Creating Identity Columns
  • Use a Node Type with an existing identity column.
  • Create a custom Node using isSurrogateKey: true in the Node Template.

Node Types That Use Surrogate Keys

Different Coalesce Node Types use surrogate keys in different ways.

Dimension Nodes

Dimension Nodes include surrogate keys by default. These surrogate keys are required to support SCD Type 2 behavior and to maintain consistent joins with downstream Fact Nodes.

Fact Nodes

Fact Nodes can include surrogate keys when required. In these cases, the surrogate key typically acts as the table's primary key, while foreign keys reference Dimension surrogate keys.

Persistent Stage Nodes

Persistent Stage Nodes can include surrogate keys when they're designed to store data long-term. This ensures row-level uniqueness even when business keys overlap.

Data Vault Components

Data Vault hubs, satellites, and links often use surrogate keys to ensure uniqueness and maintain relationships between entities.

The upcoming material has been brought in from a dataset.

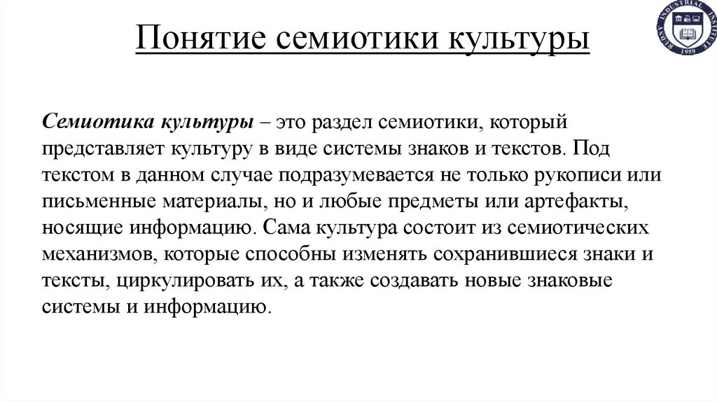 Понятие семиотики культурыСемиотика культуры – это раздел семиотики, который

How Surrogate Keys Are Defined

Surrogate keys are identified in Node Definitions using metadata:

isSurrogateKey: true

This metadata tells the Node template to:

  • Generate the appropriate identity syntax in the CREATE TABLE statement.
  • Exclude the surrogate key column from insert and merge operations.

Surrogate key behavior must be handled by the Node Type or template. It cannot be added to Nodes that don't already have it as part of the Node Template.

Alternative Surrogate Key Strategies

While identity columns are the default implementation, Coalesce also supports alternative approaches through templates.

Sequences

Sequences can be used instead of identity columns when you need explicit control, such as during migrations or when coordinating key ranges across environments. Unlike identity columns, sequences appear in INFORMATION_SCHEMA.SEQUENCES.

Hash-Based Keys

Hash-based surrogate keys can be generated by hashing one or more business keys. This approach produces repeatable values that are consistent across environments.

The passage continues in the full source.